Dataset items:
○ ○ ○ ○ ○

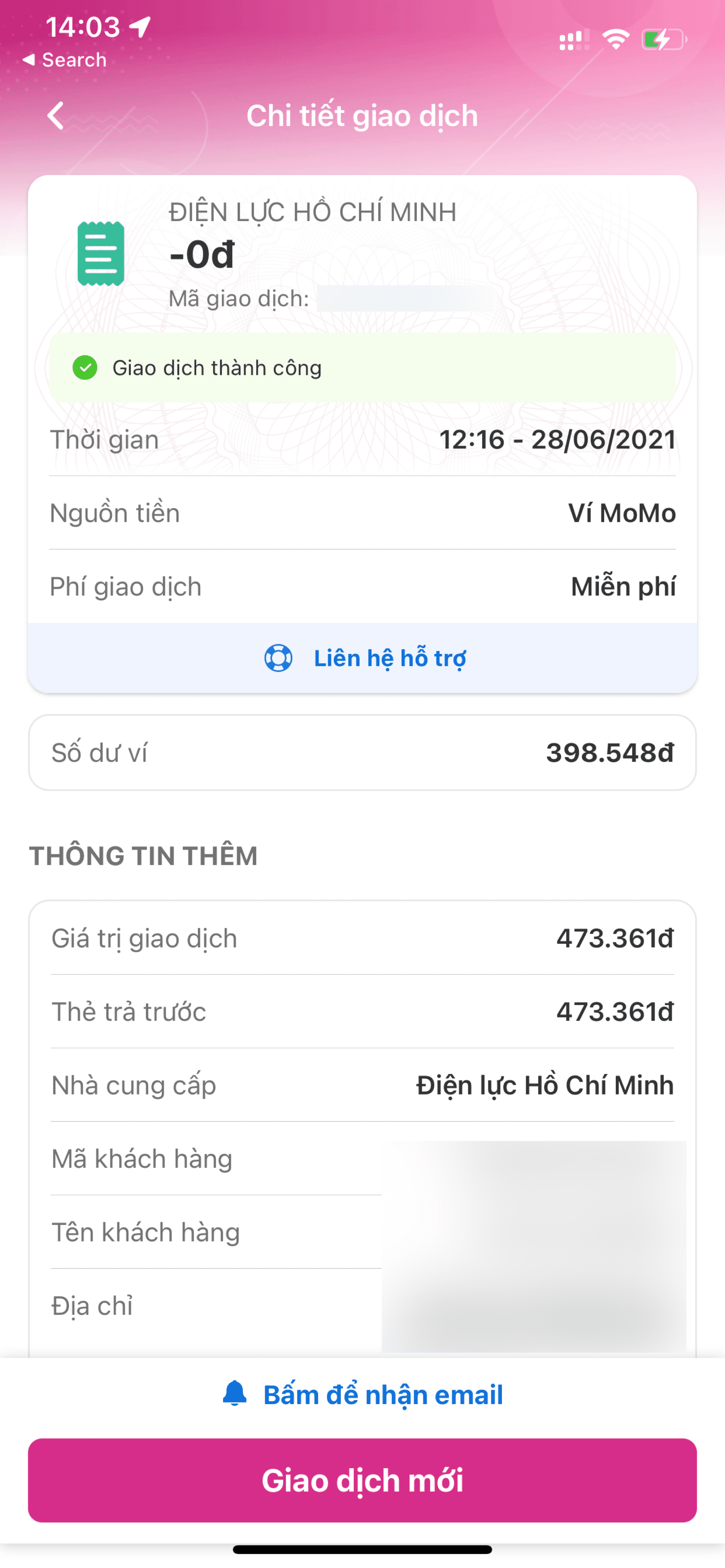 Hình bên dưới là mình trả tiền điện trên Momo dùng giftcard, số tiền phải trả bằng 0.
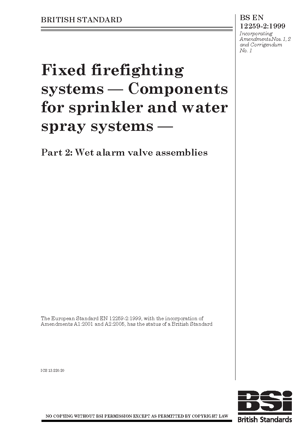 Fixed firefighting systems. Components for sprinkler and water spray systems Wet alarm valve assemblies
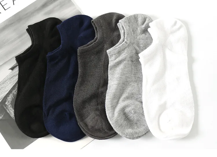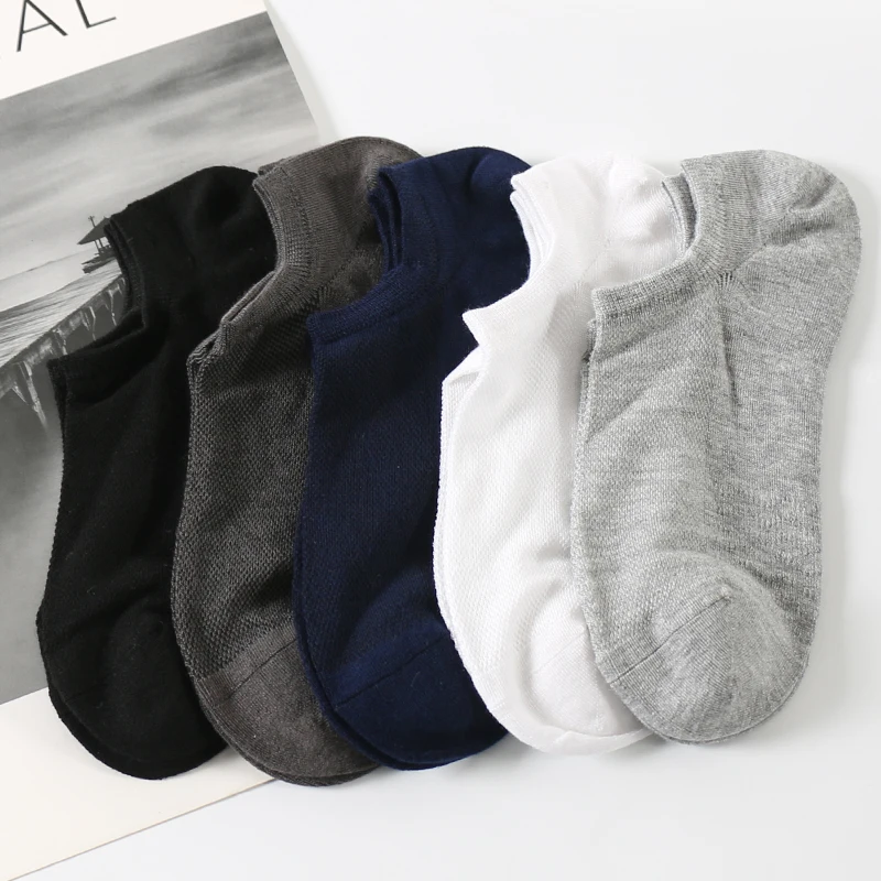 5 Pairs  Mens Summer Thin Modal Low Cut Mesh Boat Socks Slippers
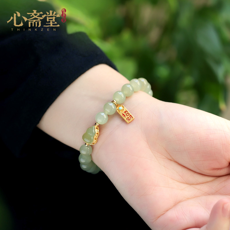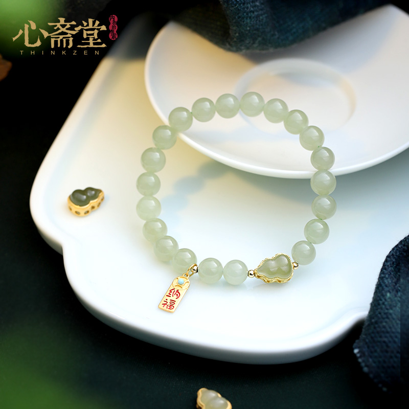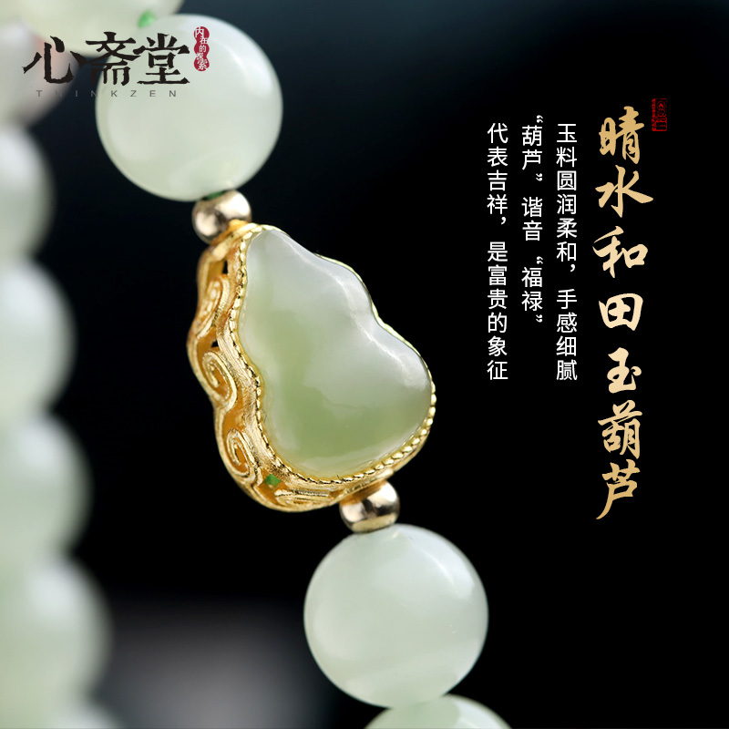 心斋堂【吸财葫芦】天然和田玉手串手链女款串珠冰晴水玉石散珠子
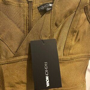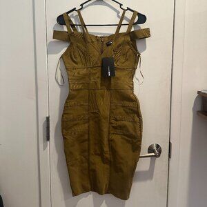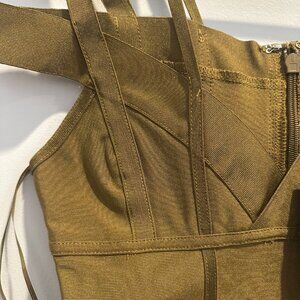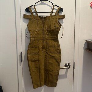 Olive bandage midi dress with a structured, body-hugging fit. Off-shoulder straps and a flattering neckline. Smooth, sculpting fabric. Never worn with tag.
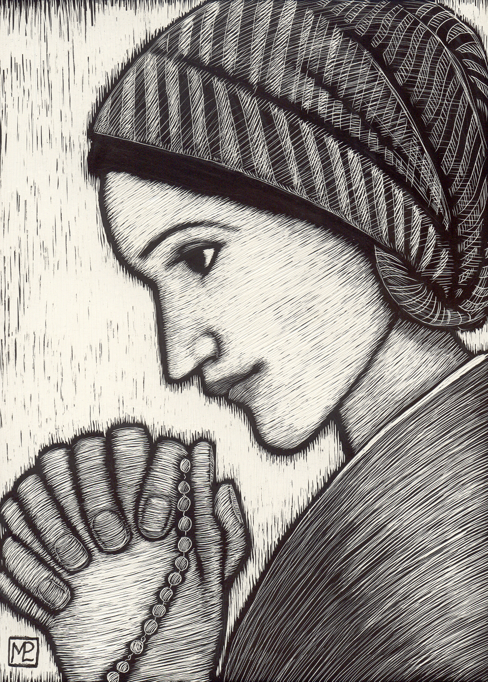 is a freelance artist who works in scratchboard. This medium uses a board coated with clay and then with black ink. With a stylus, the artist removes the top layer of ink, revealing the white underneath.
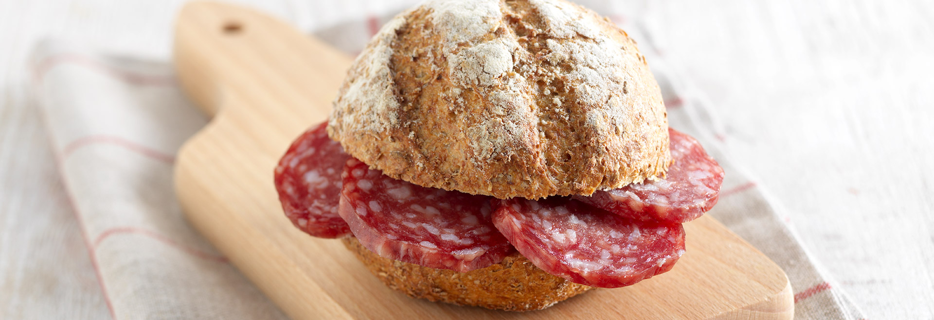 サラミーニ・イタリアーニ・アッラ・カッチャトーラDOP は、粒状のラードが均一に広がり、ルビーレッドの色合いが特徴的な小ぶりの風味づけされたサラミです。古くからの伝統を尊重し、使用する材料は高品質の豚のカット肉、塩、胡椒、ひとつまみのニンニクのみ。質の高い豚肉はプレートとナイフが連なった機械で細かく切り刻まれます。その後、こねと腸詰め、味付けが行われます。
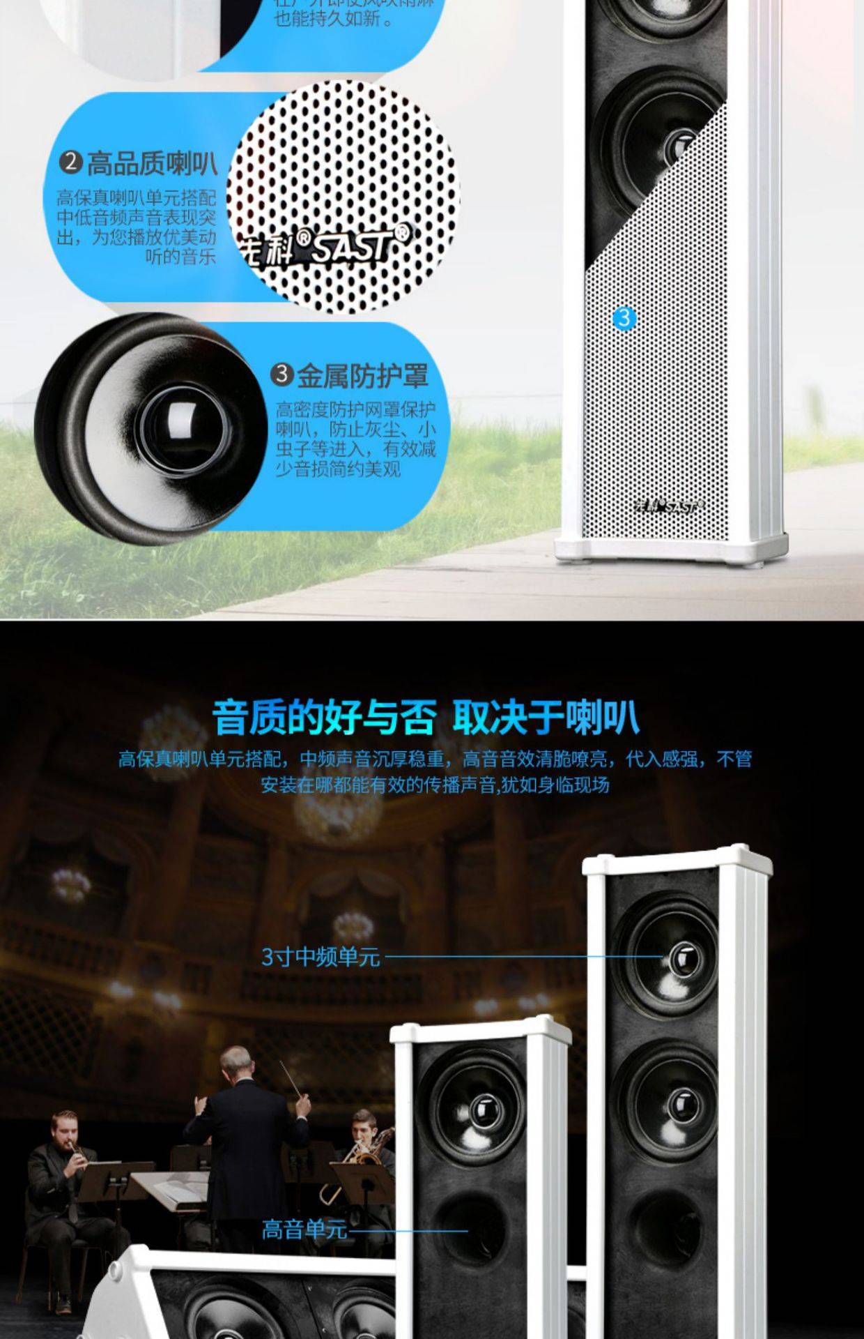 先科IP网络音响防水音柱壁挂音箱校园工厂室内外公共广播智能系统

○ ○ ○ ○ ○

Output should consist of the lines above from the one with "5 Pairs  Mens" down to the one with "Olive bandage midi", exact and without pictures.

**Your solution:**
 5 Pairs  Mens Summer Thin Modal Low Cut Mesh Boat Socks Slippers
 心斋堂【吸财葫芦】天然和田玉手串手链女款串珠冰晴水玉石散珠子
 Olive bandage midi dress with a structured, body-hugging fit. Off-shoulder straps and a flattering neckline. Smooth, sculpting fabric. Never worn with tag.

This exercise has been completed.